Увы, не пришли ни кровельщики, ни портные, ни кузнецы, ни столяры.
Живые глазели на руины и проходили мимо. Никто не набирал в горсть щебня, не просеивал его на ладони и не посыпал им, как пеплом, голову.
Советская неволя превзошла египетскую.
В студенческие годы, как и многие мои погодки, я работал на восстановлении города – расчищал дороги, разбивал парки, высаживал деревья.
Милость победителей распространялась на всё, кроме еврейских ценностей.
В ешивах, где над разгадкой тайны мироздания и предназначения Человека столетиями бились юные маймониды, где в винограднике пейсов рождалась истина, разместились советские учреждения, занимавшиеся сбором не откровений о путях человечества, а утильсырья.
В еврейских школах хозяйничали безликие мыслеупорные чиновники, выдававшие паспорта с серпом и молотом или подшивавшие листки к личным делам неблагонадежных, полунадежных и надежных граждан.
В типографиях, пользовавшихся в довоенные годы славой во всем еврейском мире, печатались жалкие двойники московской «Правды» и журнала «Коммунист», избирательные бюллетени, не оставлявшие никакого выбора, и «великие произведения гения всех времен и народов» Иосифа Сталина.
В этом мраке, сгустившемся над Ерушалаимом де Лита, еще теплился еврейский сиротский дом, приютивший уцелевших от недавней резни детей; мерцала еврейская школа, в которой еще звучали буквы тысячелетней азбуки; в бывшей тюрьме, созданной немцами в гетто, существовал обреченный на скорую гибель еврейский музей, где экспонатами были не только сохранившиеся документы, но и его директор Гудкович и немногочисленные сотрудники.
Я прожил в Вильнюсе без малого пятьдесят лет, застав еще клочья того, подлинного, снившегося мне ночами Ерушалаима де Лита, дуновения его высокого и непреклонного духа.

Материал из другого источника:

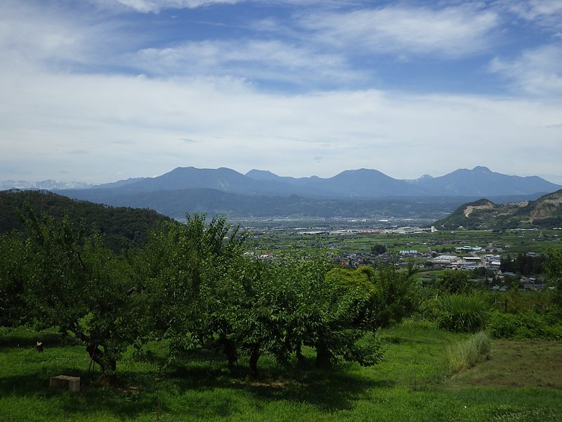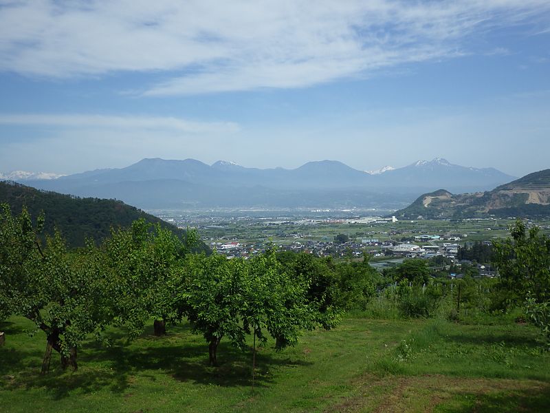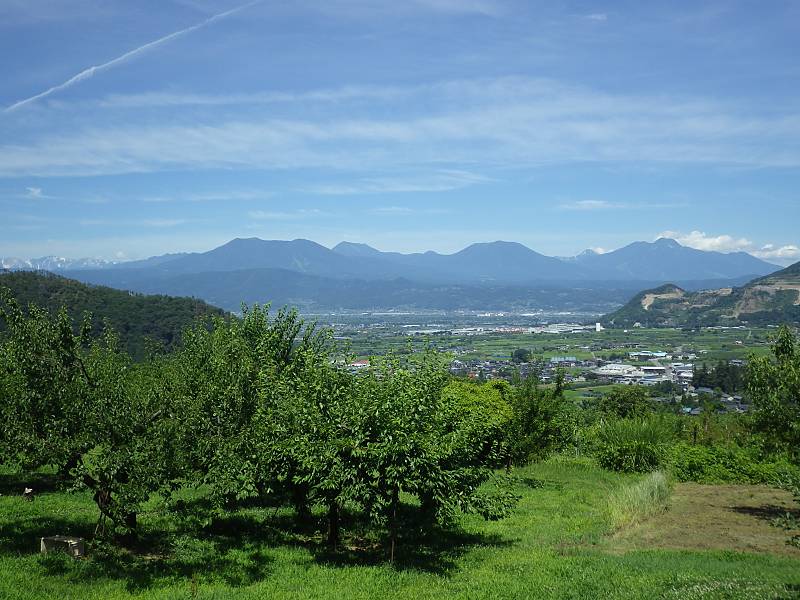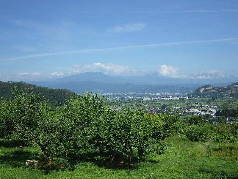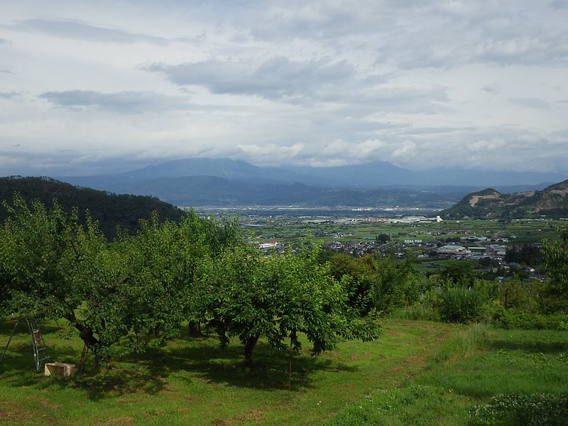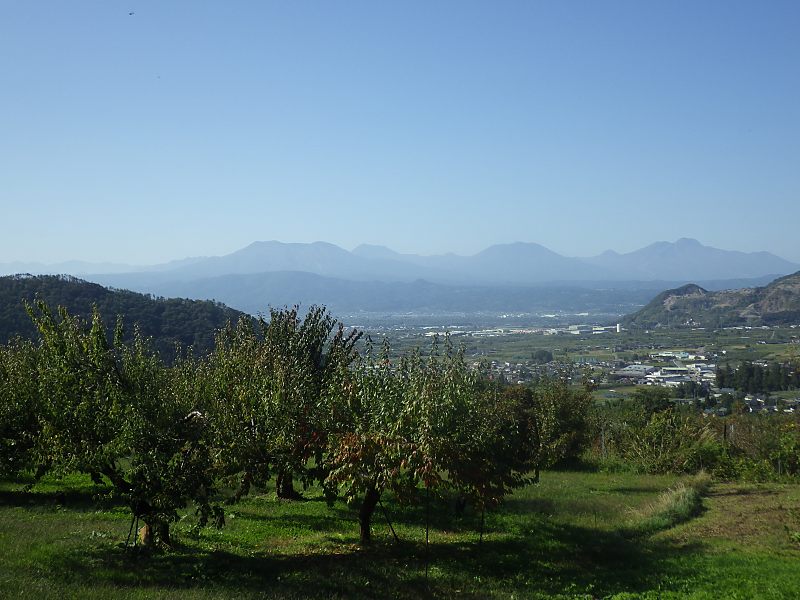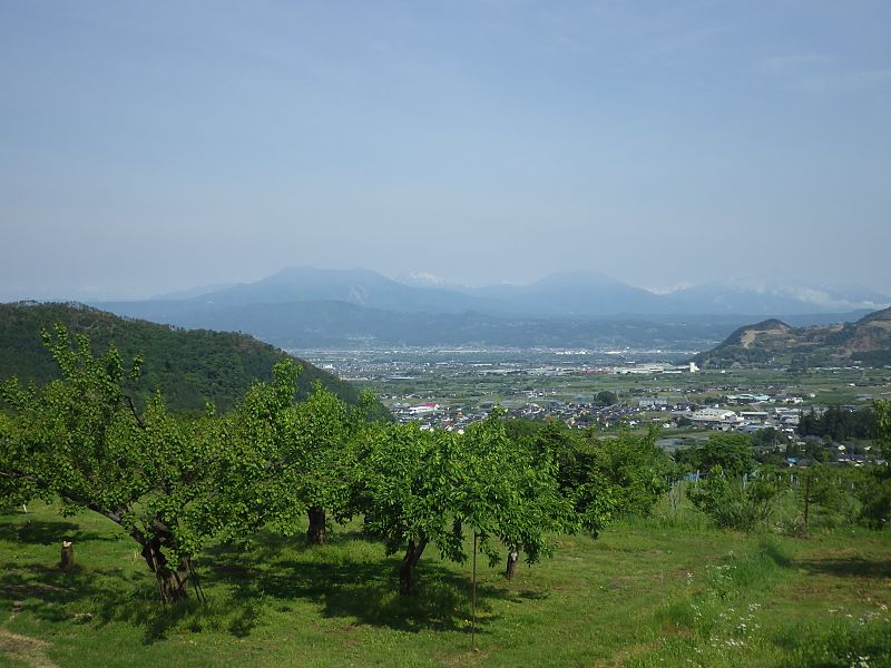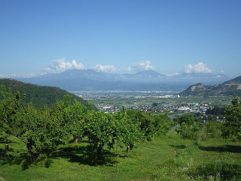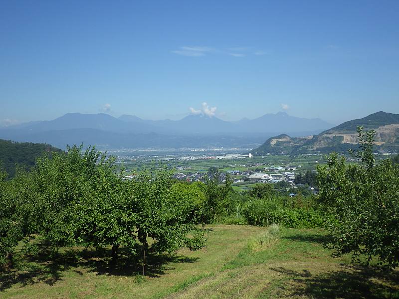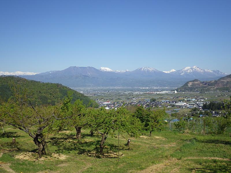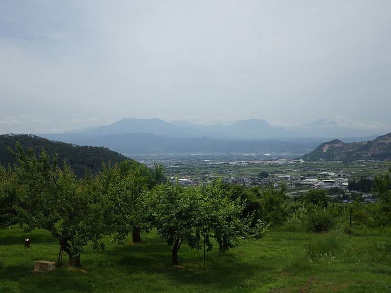 雲の間に飯縄山がうっすらと見えています 周囲に燃え移る心配がないので、雨模様でも果樹園で剪定枝を燃やす煙があちこちで上がっています |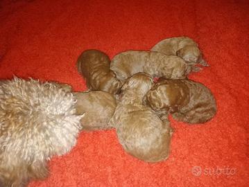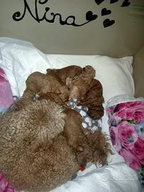 Cediamo cucciolata di 6 barboncini toy red mamma 23 cm papà 22 .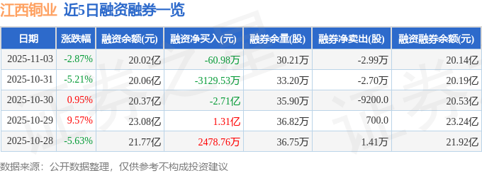 江西铜业融资融券信息显示,融资方面,当日融资买入2.86亿元,融资偿还2.87亿元,融资净偿还60.98万元。融券方面,融券卖出2.3万股,融券偿还5.29万股,融券余量30.21万股,融券余额1205.68万元。融资融券余额20.14亿元。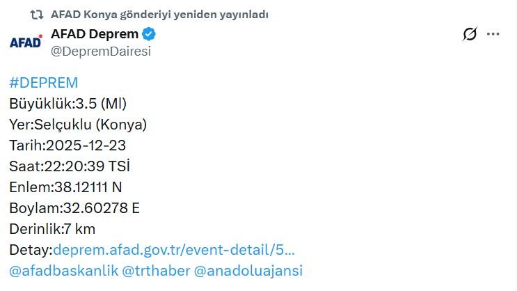 Konya’da akşam saatlerinde hissedilen bir deprem kısa süreli tedirginliğe yol açtı. AFAD ve Kandilli Rasathanesi verilerine göre depremin büyüklüğü 3,5 olarak ölçülürken, sarsıntının merkez üssünün Selçuklu ilçesi olduğu bildirildi.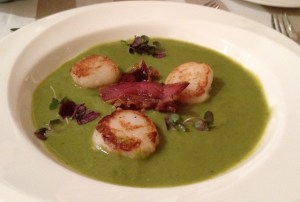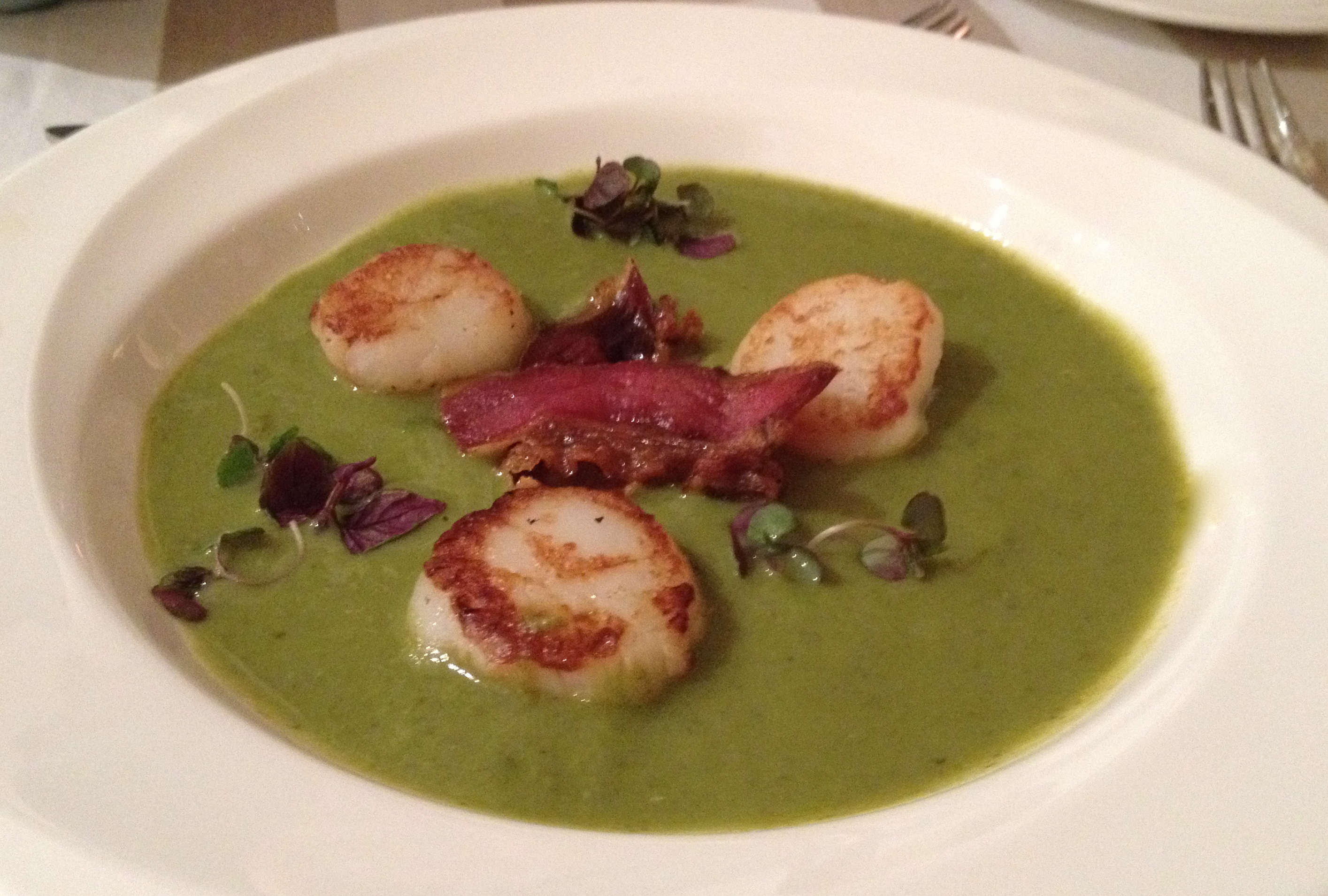Ladle soup into a wide soup bowl. Place the scallops in the bowl and garnish with a slice of pancetta.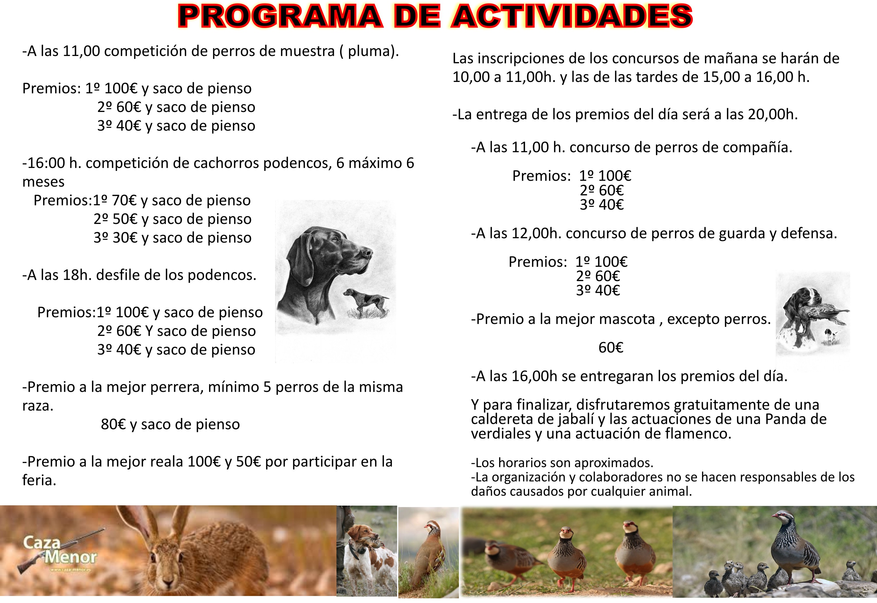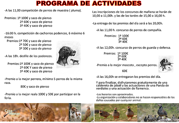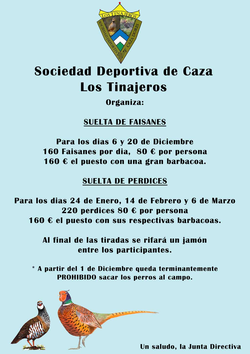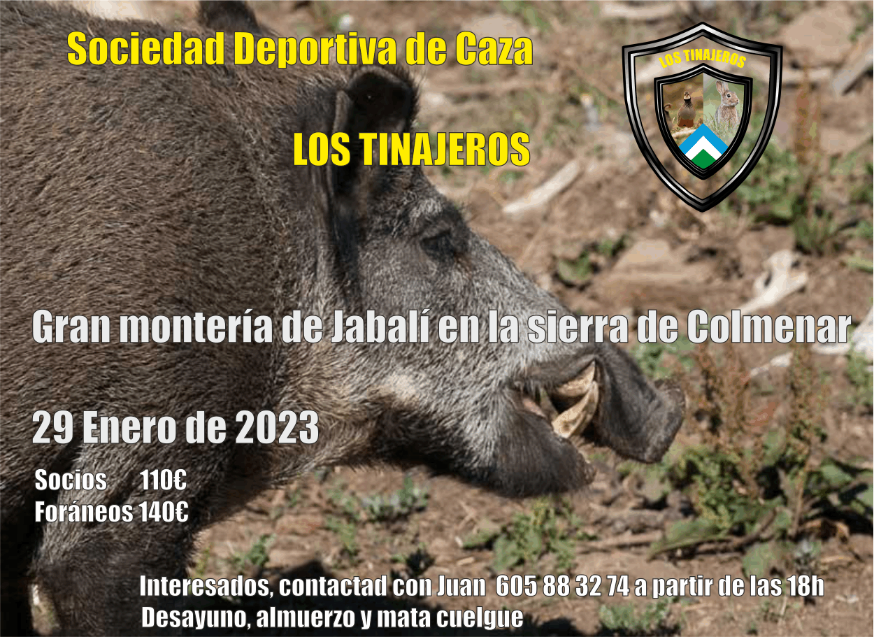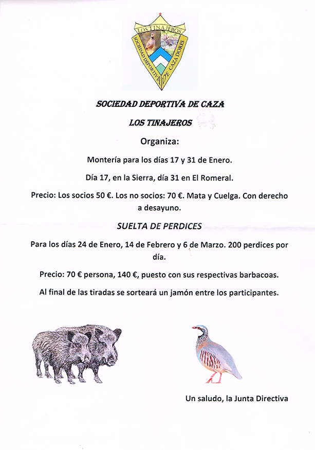 Monterías con desayuno y almuerzo precio 70€ Socios, 80€ no socios

Почти обрусевшие, говорившие на изуродованном чужбиной идише, выброшенные смерчем войны в иные пределы, где в слове «жид» умещались все познания о нашем народе, мы, его молодая, озябшая, изголодавшаяся поросль, бегали на еврейские литературные вечера, восторженно принимали гостей из Москвы – Переца Маркиша и Арона Кушнирова, гордились тем, что рядом с нами живут такие замечательные поэты, как Авраам Суцкевер и Гирш Ошерович.
Из моей памяти никогда не изгладится ни с чем не сравнимое впечатление, которое на меня произвела читка поэмы Суцкевера «Кол Нидрей» моим дядей – дамским портным Мотлом Кановичем. В его доме на проспекте Сталина собрались любители еврейского театра и словесности: большеголовый, величественный, похожий на римского сенатора, глуховатый учитель Розенталис; черный, словно обугленный, резкий, как звук пожарной сирены, портной Догим; тишайший бухгалтер Упницкий, продолжавший везде и всюду что-то подсчитывать и проверять. Дядя Мотл, тщедушный, улыбчивый (дамским портным улыбка на роду написана), с выражением и несвойственной ему страстью читал поэму, только-только вышедшую из печати. Маленькая гостиная, в которой происходила читка, напоминала партер древнегреческого амфитеатра, а чтец – не щуплого портного, а античного оракула.
От его голоса дрожал воздух, дрожала вишневая настойка в графине, дрожали, как лилии, хрустальные фужеры, дрожала душа. Слезы текли по щекам примолкших слушателей.
Плакал и я, хотя не очень-то понимал, над чем.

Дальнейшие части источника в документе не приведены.